In the records below, repeat word for word only the lines starting at the one that contains "- tiled open plan lounge and dining area" and ending at the one that contains "Swarish Jewels Vintage", pictures excluded.

::::

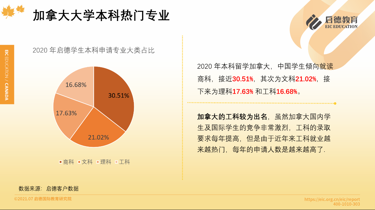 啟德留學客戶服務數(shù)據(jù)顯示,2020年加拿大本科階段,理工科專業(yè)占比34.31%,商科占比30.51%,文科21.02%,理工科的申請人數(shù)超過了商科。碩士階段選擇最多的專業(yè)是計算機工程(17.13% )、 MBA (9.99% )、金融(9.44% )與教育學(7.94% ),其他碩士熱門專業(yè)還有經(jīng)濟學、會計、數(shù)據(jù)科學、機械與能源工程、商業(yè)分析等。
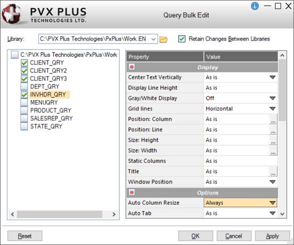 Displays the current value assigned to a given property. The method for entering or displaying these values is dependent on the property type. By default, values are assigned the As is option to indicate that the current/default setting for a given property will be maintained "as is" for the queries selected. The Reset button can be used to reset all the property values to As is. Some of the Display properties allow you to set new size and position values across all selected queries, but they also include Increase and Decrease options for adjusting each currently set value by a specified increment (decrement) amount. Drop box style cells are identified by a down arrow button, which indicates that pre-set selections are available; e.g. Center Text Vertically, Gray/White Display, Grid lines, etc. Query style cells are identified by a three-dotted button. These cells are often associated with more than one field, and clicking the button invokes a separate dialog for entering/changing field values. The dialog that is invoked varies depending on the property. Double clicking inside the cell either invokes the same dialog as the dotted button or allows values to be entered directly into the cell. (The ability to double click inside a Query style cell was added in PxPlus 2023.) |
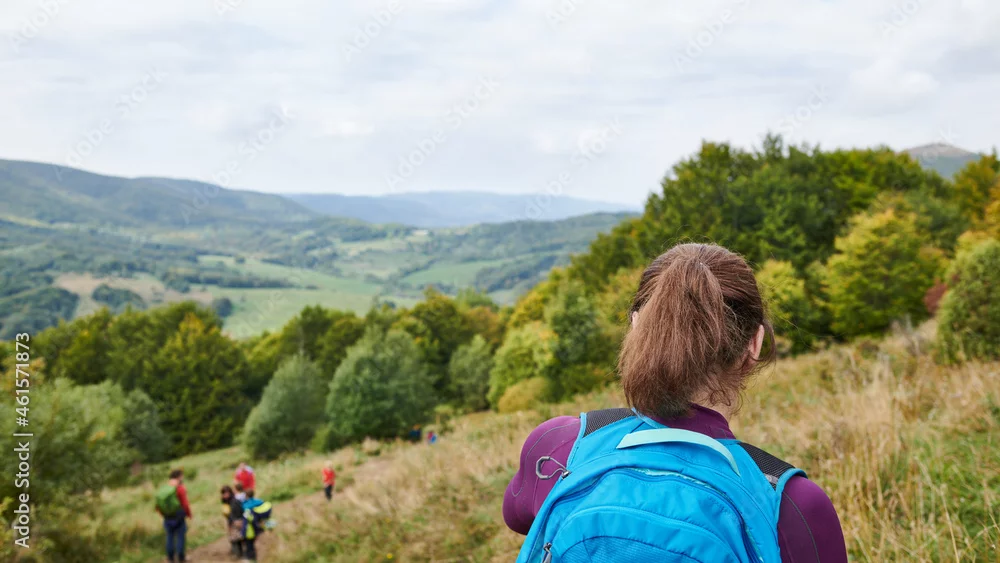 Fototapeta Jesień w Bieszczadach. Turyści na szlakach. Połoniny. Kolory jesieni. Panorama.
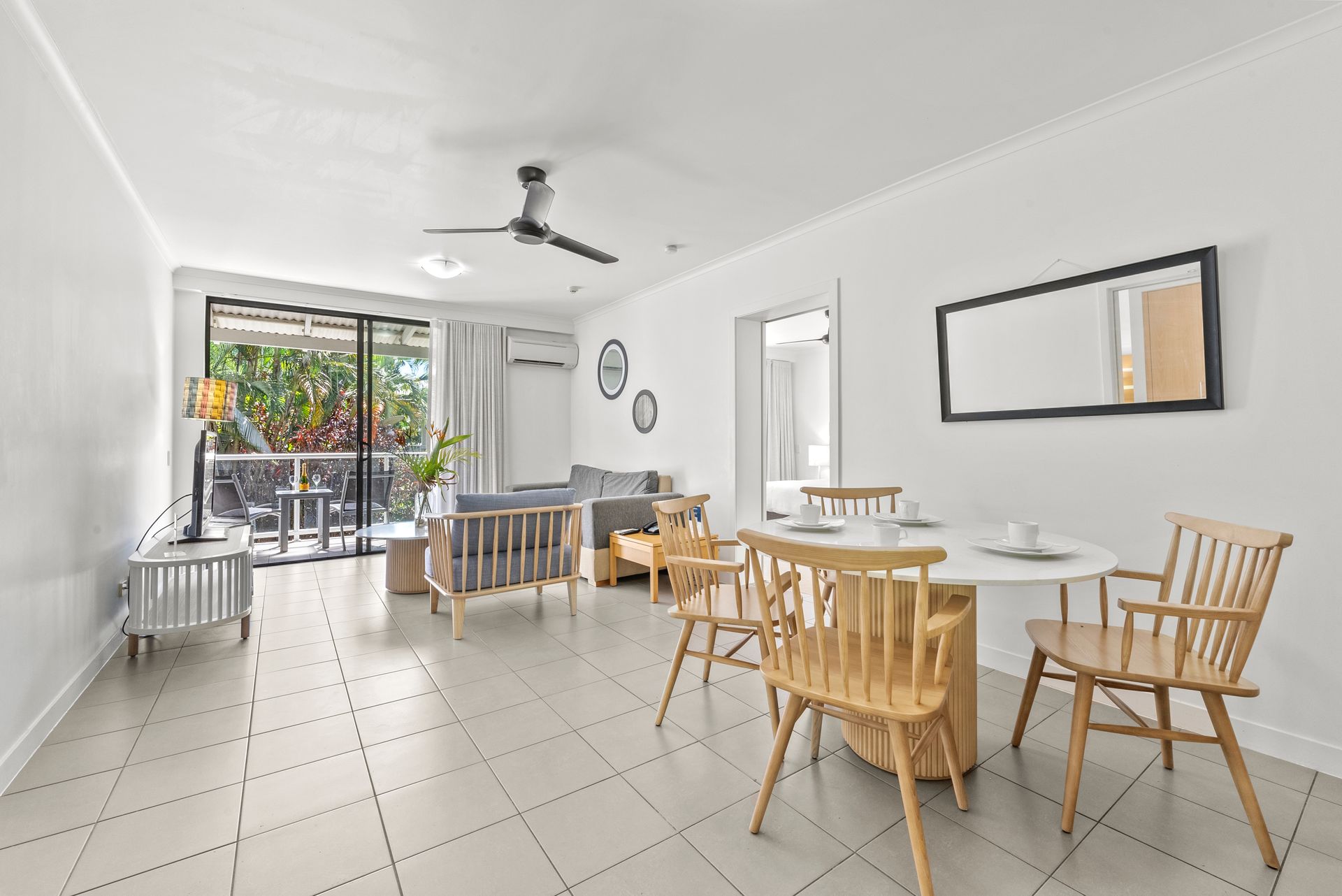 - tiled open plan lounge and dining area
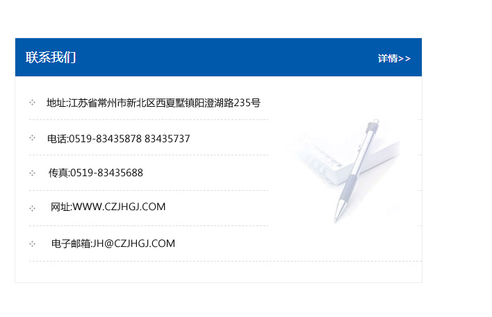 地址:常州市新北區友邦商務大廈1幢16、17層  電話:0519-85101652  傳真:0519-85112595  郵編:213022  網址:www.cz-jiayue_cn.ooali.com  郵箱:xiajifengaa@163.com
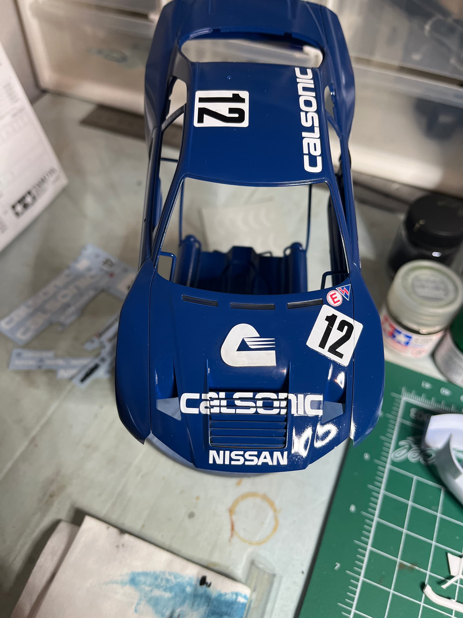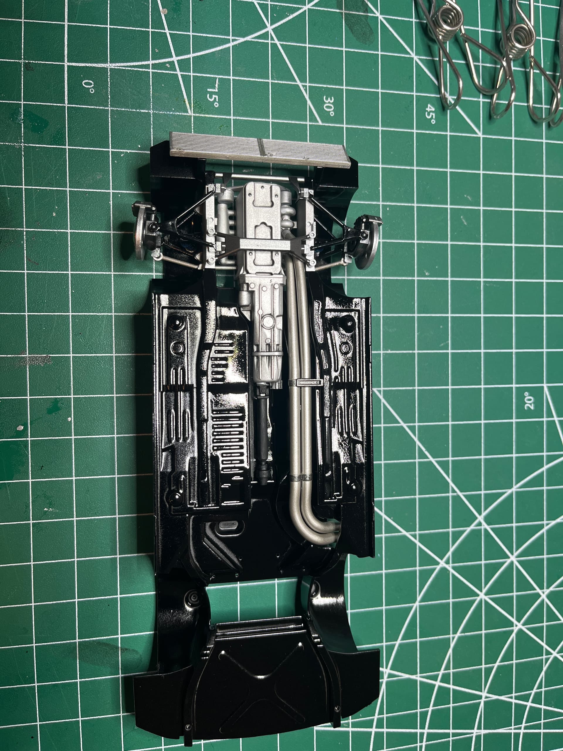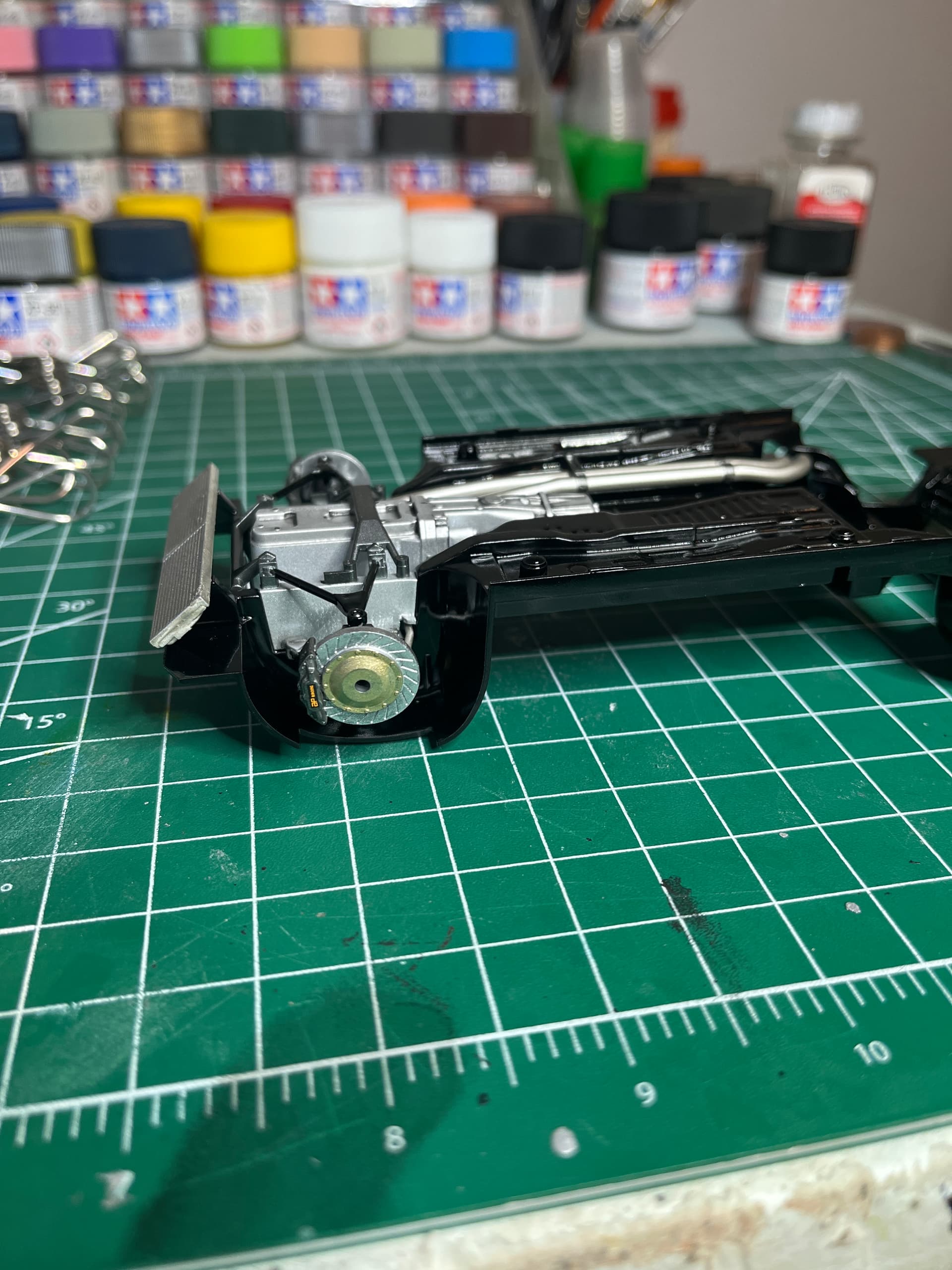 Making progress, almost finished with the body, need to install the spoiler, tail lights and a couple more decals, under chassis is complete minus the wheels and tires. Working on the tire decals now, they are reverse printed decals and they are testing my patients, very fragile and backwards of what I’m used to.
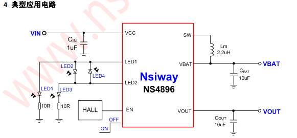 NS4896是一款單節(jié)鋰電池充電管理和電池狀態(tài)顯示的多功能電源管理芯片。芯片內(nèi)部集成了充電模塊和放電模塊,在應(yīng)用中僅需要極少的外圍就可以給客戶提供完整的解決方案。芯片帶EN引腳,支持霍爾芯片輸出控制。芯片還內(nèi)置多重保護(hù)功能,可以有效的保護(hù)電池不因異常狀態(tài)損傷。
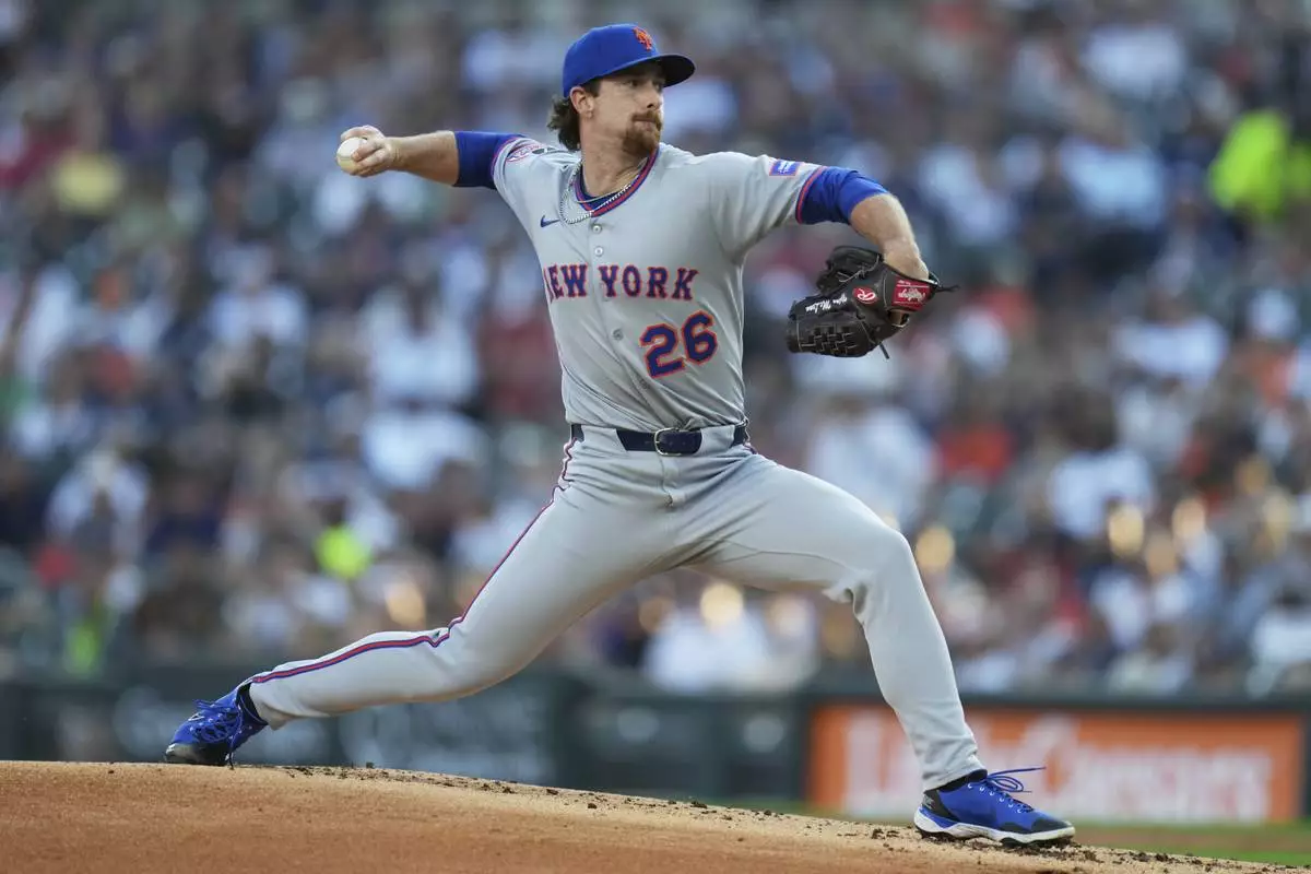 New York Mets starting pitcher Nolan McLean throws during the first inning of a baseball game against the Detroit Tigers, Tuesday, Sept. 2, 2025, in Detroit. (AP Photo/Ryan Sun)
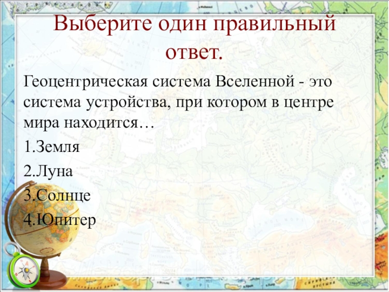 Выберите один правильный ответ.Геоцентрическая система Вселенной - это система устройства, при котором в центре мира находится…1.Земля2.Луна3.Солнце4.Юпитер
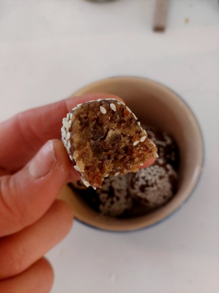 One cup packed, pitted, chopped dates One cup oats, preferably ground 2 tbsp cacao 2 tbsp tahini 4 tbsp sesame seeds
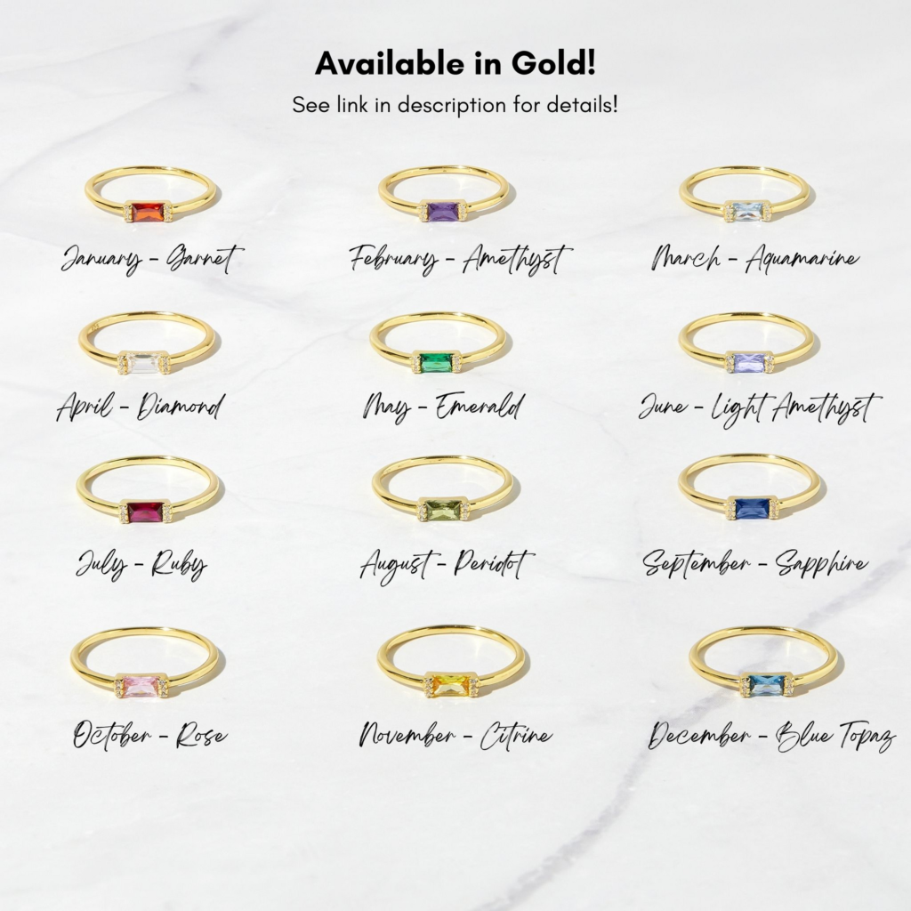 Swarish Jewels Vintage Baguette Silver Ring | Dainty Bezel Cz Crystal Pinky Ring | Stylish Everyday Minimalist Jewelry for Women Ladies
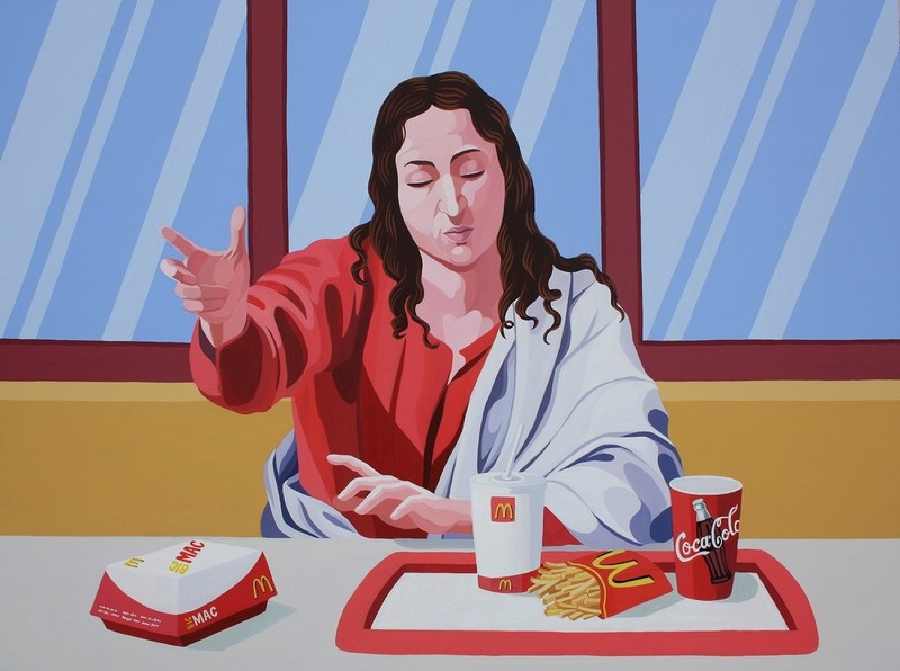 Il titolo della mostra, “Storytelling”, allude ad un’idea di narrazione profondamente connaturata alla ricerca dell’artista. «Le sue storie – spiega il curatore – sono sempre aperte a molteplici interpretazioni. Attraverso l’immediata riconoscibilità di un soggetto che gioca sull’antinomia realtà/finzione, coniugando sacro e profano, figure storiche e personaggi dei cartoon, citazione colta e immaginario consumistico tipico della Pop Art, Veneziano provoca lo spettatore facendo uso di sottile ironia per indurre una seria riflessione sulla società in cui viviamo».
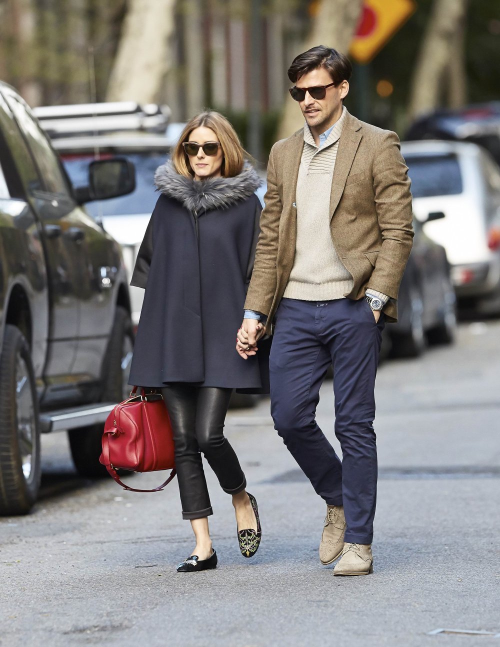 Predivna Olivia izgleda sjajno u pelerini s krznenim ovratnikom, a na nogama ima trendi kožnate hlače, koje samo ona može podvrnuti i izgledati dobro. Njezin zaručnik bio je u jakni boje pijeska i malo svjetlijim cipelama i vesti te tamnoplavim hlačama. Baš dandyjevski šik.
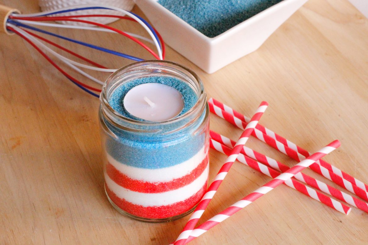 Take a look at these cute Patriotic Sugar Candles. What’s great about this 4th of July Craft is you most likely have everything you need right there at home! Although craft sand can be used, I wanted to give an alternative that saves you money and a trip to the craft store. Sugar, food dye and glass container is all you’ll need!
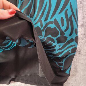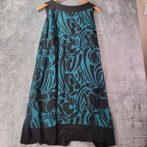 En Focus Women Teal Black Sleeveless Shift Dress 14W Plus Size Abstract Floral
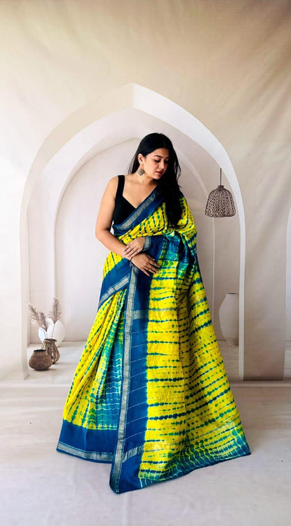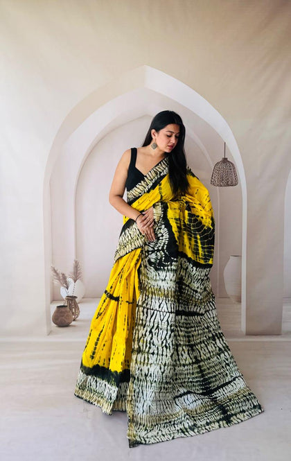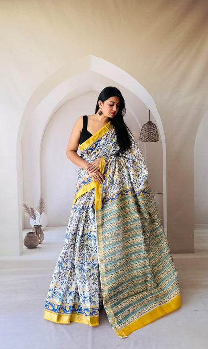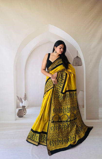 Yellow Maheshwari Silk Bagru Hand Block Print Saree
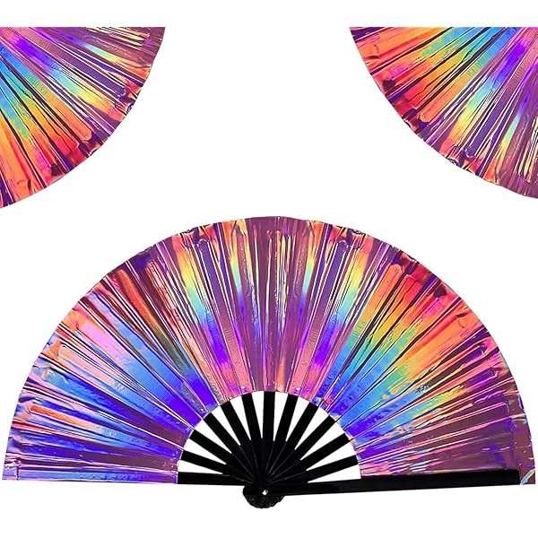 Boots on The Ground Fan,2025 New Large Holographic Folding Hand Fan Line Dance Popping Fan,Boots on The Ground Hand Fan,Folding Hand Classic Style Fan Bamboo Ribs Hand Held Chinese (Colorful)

::::

Response to the task
 - tiled open plan lounge and dining area
 地址:常州市新北區友邦商務大廈1幢16、17層  電話:0519-85101652  傳真:0519-85112595  郵編:213022  網址:www.cz-jiayue_cn.ooali.com  郵箱:xiajifengaa@163.com
 Making progress, almost finished with the body, need to install the spoiler, tail lights and a couple more decals, under chassis is complete minus the wheels and tires. Working on the tire decals now, they are reverse printed decals and they are testing my patients, very fragile and backwards of what I’m used to.
 NS4896是一款單節(jié)鋰電池充電管理和電池狀態(tài)顯示的多功能電源管理芯片。芯片內(nèi)部集成了充電模塊和放電模塊,在應(yīng)用中僅需要極少的外圍就可以給客戶提供完整的解決方案。芯片帶EN引腳,支持霍爾芯片輸出控制。芯片還內(nèi)置多重保護(hù)功能,可以有效的保護(hù)電池不因異常狀態(tài)損傷。
 New York Mets starting pitcher Nolan McLean throws during the first inning of a baseball game against the Detroit Tigers, Tuesday, Sept. 2, 2025, in Detroit. (AP Photo/Ryan Sun)
 Выберите один правильный ответ.Геоцентрическая система Вселенной - это система устройства, при котором в центре мира находится…1.Земля2.Луна3.Солнце4.Юпитер
 One cup packed, pitted, chopped dates One cup oats, preferably ground 2 tbsp cacao 2 tbsp tahini 4 tbsp sesame seeds
 Swarish Jewels Vintage Baguette Silver Ring | Dainty Bezel Cz Crystal Pinky Ring | Stylish Everyday Minimalist Jewelry for Women Ladies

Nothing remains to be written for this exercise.